Right in line with the opening of superhero film “Avengers: Endgame,” it was the S&P 500 and Nasdaq Composite combining forces to end the trading week with record highs as first-quarter GDP avenged its fourth-quarter 2.2 percent showing in 2018.

The S&P 500 rose 0.5 percent to 2,939.88 to reach an all-time closing high. In the meantime, the Nasdaq Composite ended the day up 0.3 percent at 8,146.40.

Meanwhile, the Dow Jones Industrial Average went  81.25 points higher to 26,543.33 to close just 1.5 percent below its own all-time high.

The markets were boosted by better-than-expected first-quarter GDP numbers published by the Commerce Department. Despite a number of roadblocks heading into 2019 after a rough fourth-quarter market showing to end 2018, the U.S. economy rebounded in the first quarter this year, beating analysts’ expectations of 2.5 percent growth with a 3.2 percent growth number.

The GDP figure represents the strongest rate of growth for the first quarter in four years and matches the 3.2 percent growth experienced a year ago.

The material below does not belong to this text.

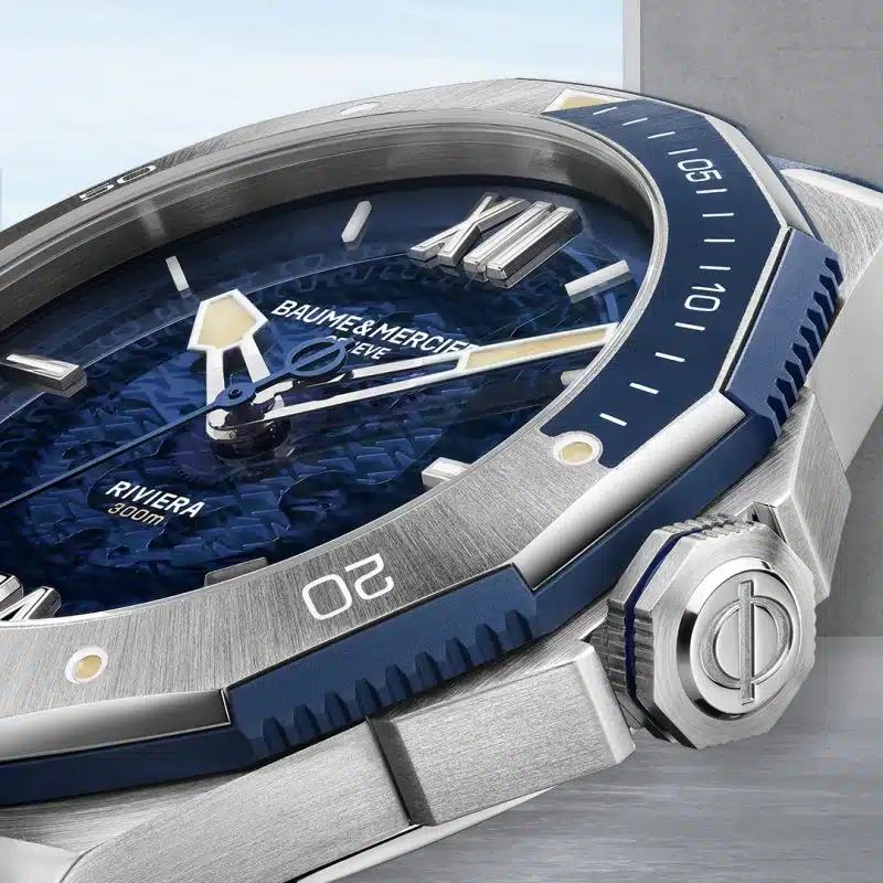 That watchmaking vision inherited from the Baume family, which has endured for nearly 200 years, shines through the dashing Riviera collection. The brand defied the watchmaking codes of the times when, in 1973, it revealed an unprecedented case with a dodecagonal bezel topped with a flat-linked metal strap. It got noticed and became an object of desire, and here it is, fifty years later, still just as creative. As it explores a spectrum of colors and a variety of features, this iconic timepiece shows its resemblance to the Riviera, the sea resort that gave rise to it: that special style, inimitable atmosphere, contrast, emotion…

“The economic expansion will set new records for longevity in July and it looks like there is no stopping this economy,” said Chris Rupkey, chief financial economist at MUFG, in a note. “We had all but given up on the first quarter with the Federal government shutdown ending January 25, frigid winter weather conditions shutting down manufacturing production, and the fears of a world growth slowdown.”

“So far the fears are unfounded,” Rupkey said.

Further gains were tamped down by disappointing first-quarter results from the likes of Exxon and Intel. Both combined for a 12 percent decline with a drop in earnings as well as weaker guidance for the rest of the year.

“The burden of proof is fairly high,” said Eric Wiegand, senior portfolio manager at U.S. Bank Wealth Management. “Investors’ appetite for companies that either disappoint or offer lower guidance on a go-forward basis tends to be met with a pretty sharp reaction.”

Amazon moved higher on Friday after the online retail giant topped earning expectations after the closing bell on Thursday. Shares of Amazon were up as much as 1 percent in the early trading session before closing up 2.54 percent as Wall Street digested the results, noting that earnings are trending towards less growth, but wider profit margins as it revamps its current operations and services.

“I don’t think it’s a time to be making significant additions to equities, but at the same time there is not a lot of downside risk,” said Michael Geraghty, equity strategist at Cornerstone Capital Grou. “Net net, we’re advising our clients to stick with their equity positions and, if stock prices decline from current levels, that may be a buying opportunity.”